Posted 11 February 2009 - 09:54 PM
Posted 12 February 2009 - 06:00 AM
and its main drawback apart from the cost is its american and your gauranteed to lose some hair getting to grips with it ,its not for the squeamish.and not really for self builders.
(Message edited by agb657 on February 12, 2009)
Posted 12 February 2009 - 07:24 AM
I've used it for twelve years (I know I said ten years in an earlier post, but have found the original invoice in the interim), upgrading every few years, although I haven't upgraded the last five years because I thought I'd let my current version grow old gracefully with me!
The last version still came with full PRINTED documentation, which means you can dip into the book at your elbow instead of having to trawl through a pdf and print off a relevent page or two.
Don't know whether TurboCad gives you the sun (or moon) positions. I think that, like Caliwag, "I'll carry on pointing at the sky, and generally waving my arms about, which seems to work."
(Message edited by joiner on February 12, 2009)
Posted 12 February 2009 - 07:28 AM
Cost wise it si a bit on the high side esp with weak pound. We curr work version X1 and will be upgrading to X2 shortly.

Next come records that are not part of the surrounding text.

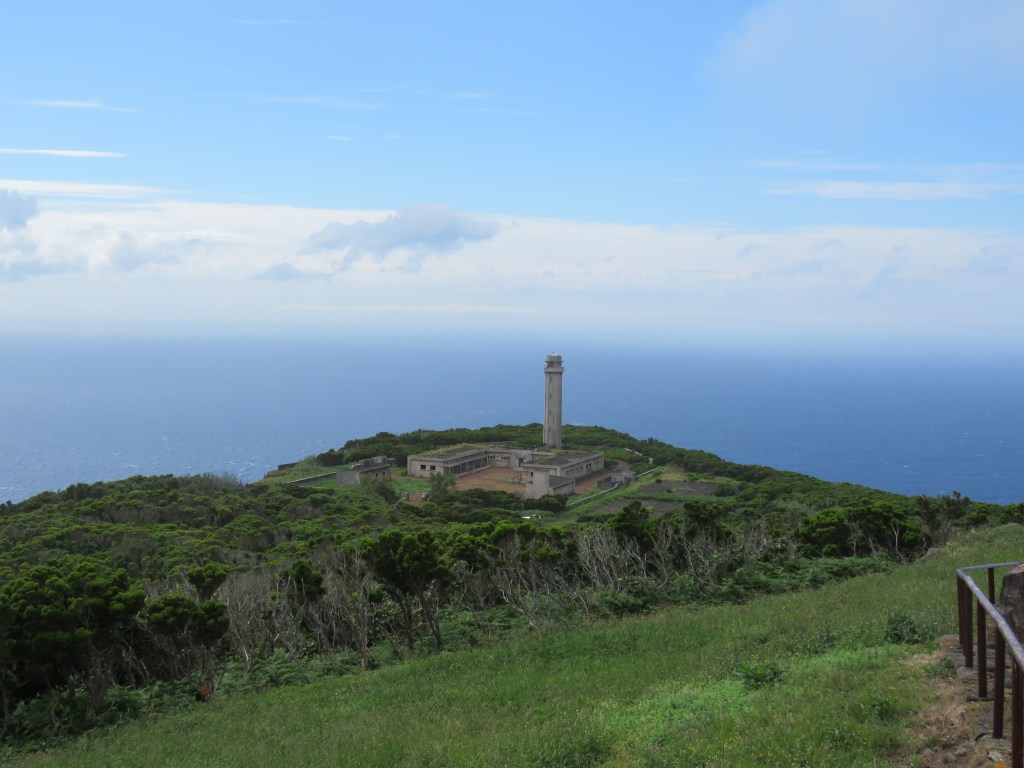 Andra dagen ville vi vandra, här på Sao Jorge finns det jätte många vandringleder. Vi valde en mindre vandring för vi ville även hinna med ostfabriken och fyren som låg längst ut i väster. När vi kom upp på berget så var det först soligt sedan blev det mer och mer dimma med fint regn och det började även blåsa. Vi trotsade vädret i ca 1 1/2 timme sedan gav vi upp det blev inte bättre. Vi fick vända det var lite tråkigt för det skulle vara en otrolig utsikt men men man kan inte alltid ha tur med vädret. Vi fortsatte till ostfabriken. Vi såg att vi började få ont om tid om vi skulle hinna med fyren så vi hoppade över rundturen i fabriken, vi provsmakade de olika ostarna och köpte med oss hem. Ostarna på Azorerna är jätte goda och är ett fördärv det är såååå gott. Sista stoppet för dagen var fyren Farol dos Rosais som ligger längst ut i väster. Där man också om man har tur att kunna se valar. Här kan man se öarna Pico, Faial och Graciosa. Fyren används inte i dag pga. jordbävningar och jordskred.
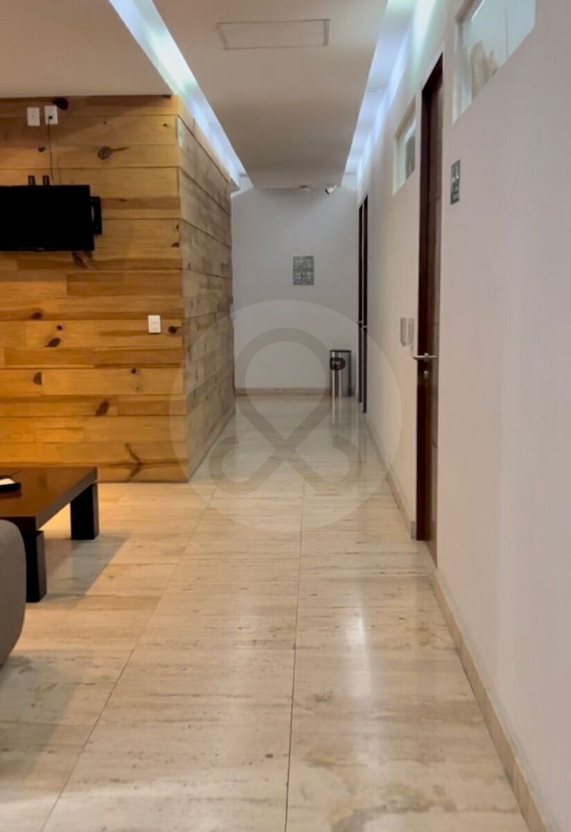 This rental property is located on the third floor of a corporate building in the Jardines del Pedregal neighborhood. It has easy parking, a roof garden, closed circuit, elevator, 24-hour security, and visitor parking. Built in 2015, the property is in excellent condition and has a total area of 29.52 m². The office includes light, internet, cleaning, and reception. The office includes a half bathroom.
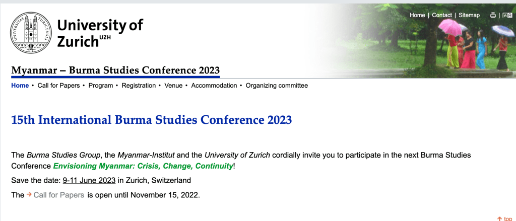 Call for Papers: Burma Studies Conference 2023 in Zurich Due: 15 November 2022 See here for the CFP details. Share this: Click to share on X (Opens in new window) X Click to share on Facebook (Opens in new window) Facebook Like Loading... Related

Posted 12 February 2009 - 07:33 AM
TurboCAD v15 Pro - Architectural Edition
not sure what you are dissagreeing with me about, Oh the hair loss and yankee terminology ? maybe thats just me LoL
Posted 12 February 2009 - 08:39 AM
i would be interested in what training you and your guys had video/online etc with Chief.

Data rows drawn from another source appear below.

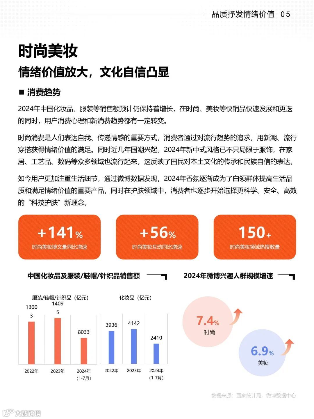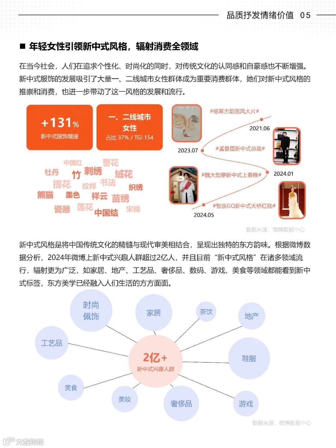 国潮的兴起带动了年轻人对新中式风格的喜爱,这一趋势已从服饰扩展至家居、工艺品、数码等多个领域。香氛经济的火爆和科技护肤的流行,消费者追求生活品质和个性化表达。
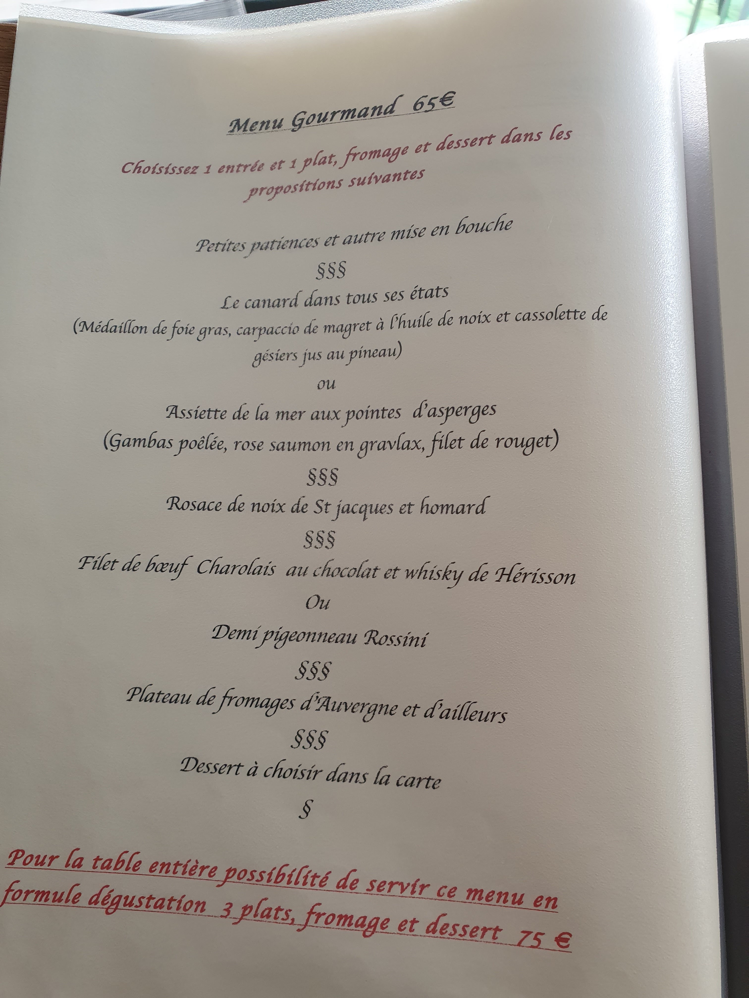 Repas de Saint Valentin. Nous étions de passage. Menu à mon sens un peu cher si on le compare au menu usuel à 35 €. .Le chef exécute de plats accompagnés de sauces habilement préparées et le service est attentioné, classique et très bien , il va jusqu aux miettes avant le dessert ce qui est très agréable. L'accueil a été très sympathique malgré notre retard par rapport à l horaire de service. Visite du maitre de maison à la fin du repas très appréciée. Le maître d' hôtel assure un service de qualité épaulé par la maitresse de maison.Une bonne expérience. Personnellement je porterai attention sur la vue générale de l établissement qui mériterait un petit lifting. On est loin du laisser aller mais ...Un bonus aux desserts : très bons.
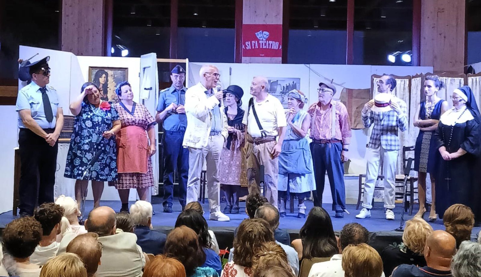 Accanto a lui, un gruppo di attrici e attori autodidatti che hanno saputo conquistare il pubblico con talento, passione e una comicità genuina che ha riempito la sala di applausi e risate.

Posted 12 February 2009 - 08:47 AM
When I first started using CAD I tried both TuboCad (it came as a freebie 'lite' version on one of the computer mags) and (fully featured) AutoCad and even in the lite version TurboCad had a few more features that it made it easier/faster to "draw" with (despite being cheaper). I used the lite version for a year and then upgraded to the full Pro version when it had proved its worth.

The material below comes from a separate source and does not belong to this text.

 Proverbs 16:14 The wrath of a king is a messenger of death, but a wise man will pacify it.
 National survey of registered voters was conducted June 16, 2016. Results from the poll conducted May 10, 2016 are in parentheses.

Posted 12 February 2009 - 06:30 PM
It was a combination of video tutorials & trial and error. For the most part the tool is intuitive, with everything snapping into place with just a click.
Most recruits find roofs a bit difficult to begin with, but once they have understood the fundamentals re roof construction it becomes a piece of cake.
The beauty is you draw once, and everything is immediately available: 2d sections, interior & exterior 3 D rendered views, glasshouse views, HVAC, electrical & Drainage layouts and the list goes on. There is no need for any other bolt on apps. Any changes automatically updated in all layers, layouts.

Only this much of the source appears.